What you have to do
Reproduce, character for character, the lines below from the first through the one with "Beat Now is". Leave pictures out.

Dataset entries
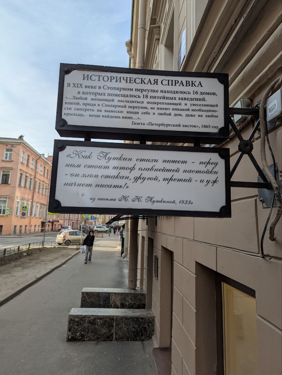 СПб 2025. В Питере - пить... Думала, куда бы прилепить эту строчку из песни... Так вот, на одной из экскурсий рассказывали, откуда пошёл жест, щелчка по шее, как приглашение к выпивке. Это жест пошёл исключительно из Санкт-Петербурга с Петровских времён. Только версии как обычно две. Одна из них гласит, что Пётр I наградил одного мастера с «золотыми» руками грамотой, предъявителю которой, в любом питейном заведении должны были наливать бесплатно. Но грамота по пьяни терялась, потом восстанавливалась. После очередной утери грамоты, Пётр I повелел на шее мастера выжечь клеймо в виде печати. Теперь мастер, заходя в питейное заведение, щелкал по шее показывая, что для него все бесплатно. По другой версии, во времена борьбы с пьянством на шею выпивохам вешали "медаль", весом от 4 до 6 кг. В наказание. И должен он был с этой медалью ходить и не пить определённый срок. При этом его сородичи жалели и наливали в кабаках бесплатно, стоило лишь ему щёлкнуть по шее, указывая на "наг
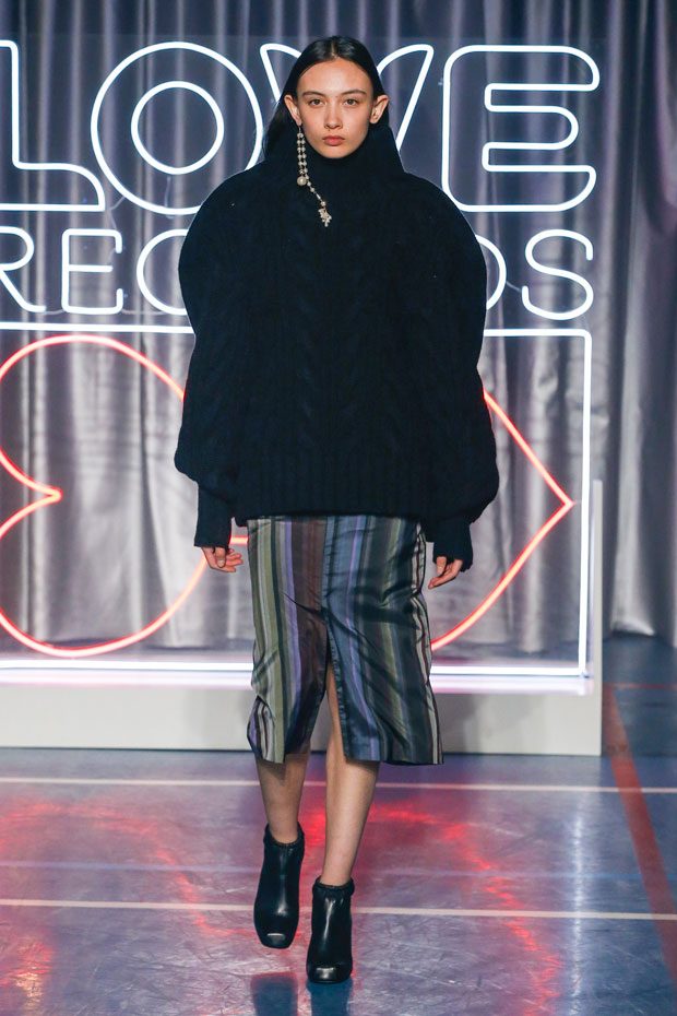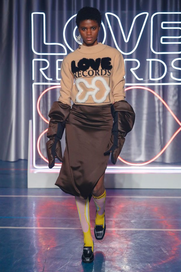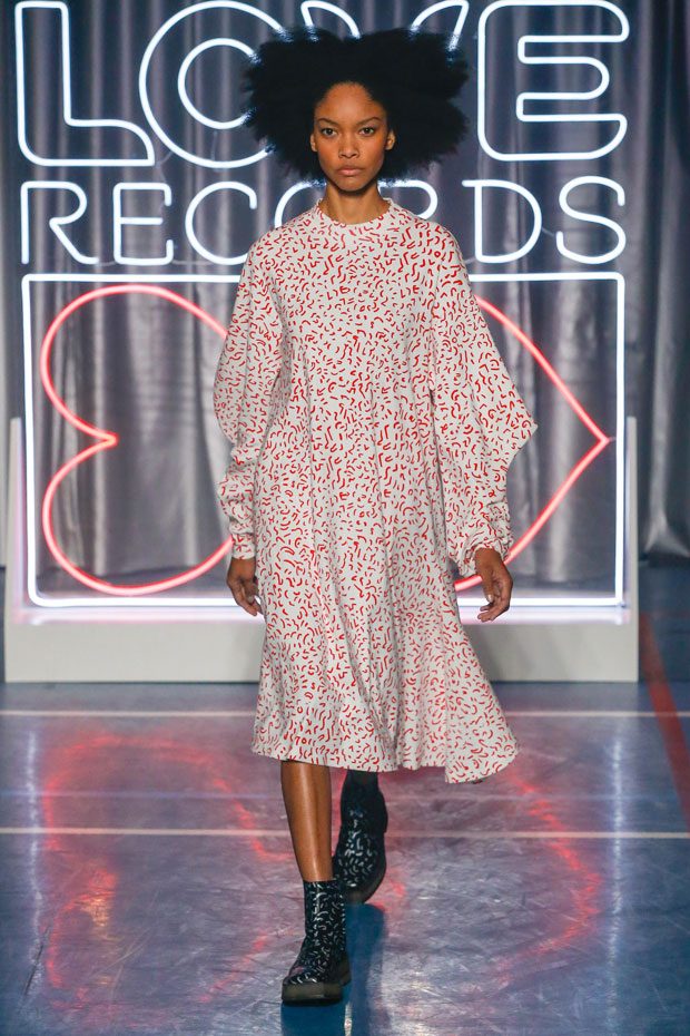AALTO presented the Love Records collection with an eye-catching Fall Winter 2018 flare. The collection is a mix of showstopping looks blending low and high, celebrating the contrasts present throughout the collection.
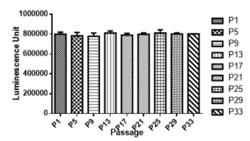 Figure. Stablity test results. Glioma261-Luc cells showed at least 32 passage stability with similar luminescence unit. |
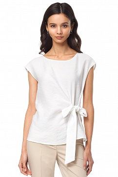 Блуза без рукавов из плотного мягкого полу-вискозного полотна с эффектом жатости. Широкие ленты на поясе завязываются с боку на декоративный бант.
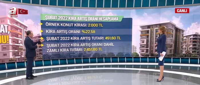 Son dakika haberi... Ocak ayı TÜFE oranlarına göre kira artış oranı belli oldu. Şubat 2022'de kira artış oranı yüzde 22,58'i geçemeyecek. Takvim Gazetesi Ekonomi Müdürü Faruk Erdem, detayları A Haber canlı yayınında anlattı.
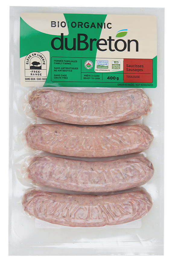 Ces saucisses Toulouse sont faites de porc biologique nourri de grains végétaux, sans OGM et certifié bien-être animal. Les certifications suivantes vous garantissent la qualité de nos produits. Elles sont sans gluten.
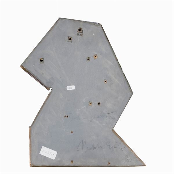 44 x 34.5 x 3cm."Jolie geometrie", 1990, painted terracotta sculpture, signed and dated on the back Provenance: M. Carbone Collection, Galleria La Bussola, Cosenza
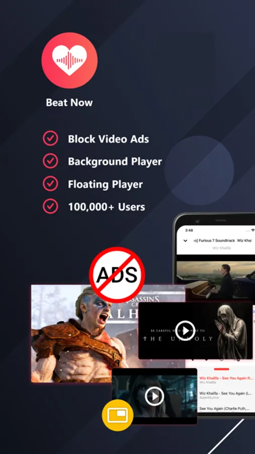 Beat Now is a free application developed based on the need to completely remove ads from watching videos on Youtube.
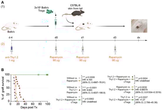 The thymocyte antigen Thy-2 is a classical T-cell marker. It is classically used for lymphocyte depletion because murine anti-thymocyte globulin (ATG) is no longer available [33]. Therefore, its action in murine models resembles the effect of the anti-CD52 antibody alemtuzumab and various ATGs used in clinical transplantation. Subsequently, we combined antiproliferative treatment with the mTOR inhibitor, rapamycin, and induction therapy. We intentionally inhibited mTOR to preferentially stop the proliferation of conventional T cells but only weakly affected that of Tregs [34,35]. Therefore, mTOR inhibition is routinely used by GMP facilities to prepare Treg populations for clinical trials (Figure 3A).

Task response
 СПб 2025. В Питере - пить... Думала, куда бы прилепить эту строчку из песни... Так вот, на одной из экскурсий рассказывали, откуда пошёл жест, щелчка по шее, как приглашение к выпивке. Это жест пошёл исключительно из Санкт-Петербурга с Петровских времён. Только версии как обычно две. Одна из них гласит, что Пётр I наградил одного мастера с «золотыми» руками грамотой, предъявителю которой, в любом питейном заведении должны были наливать бесплатно. Но грамота по пьяни терялась, потом восстанавливалась. После очередной утери грамоты, Пётр I повелел на шее мастера выжечь клеймо в виде печати. Теперь мастер, заходя в питейное заведение, щелкал по шее показывая, что для него все бесплатно. По другой версии, во времена борьбы с пьянством на шею выпивохам вешали "медаль", весом от 4 до 6 кг. В наказание. И должен он был с этой медалью ходить и не пить определённый срок. При этом его сородичи жалели и наливали в кабаках бесплатно, стоило лишь ему щёлкнуть по шее, указывая на "наг
AALTO presented the Love Records collection with an eye-catching Fall Winter 2018 flare. The collection is a mix of showstopping looks blending low and high, celebrating the contrasts present throughout the collection.
 Figure. Stablity test results. Glioma261-Luc cells showed at least 32 passage stability with similar luminescence unit. |
 Блуза без рукавов из плотного мягкого полу-вискозного полотна с эффектом жатости. Широкие ленты на поясе завязываются с боку на декоративный бант.
 Son dakika haberi... Ocak ayı TÜFE oranlarına göre kira artış oranı belli oldu. Şubat 2022'de kira artış oranı yüzde 22,58'i geçemeyecek. Takvim Gazetesi Ekonomi Müdürü Faruk Erdem, detayları A Haber canlı yayınında anlattı.
 Ces saucisses Toulouse sont faites de porc biologique nourri de grains végétaux, sans OGM et certifié bien-être animal. Les certifications suivantes vous garantissent la qualité de nos produits. Elles sont sans gluten.
 44 x 34.5 x 3cm."Jolie geometrie", 1990, painted terracotta sculpture, signed and dated on the back Provenance: M. Carbone Collection, Galleria La Bussola, Cosenza
 Beat Now is a free application developed based on the need to completely remove ads from watching videos on Youtube.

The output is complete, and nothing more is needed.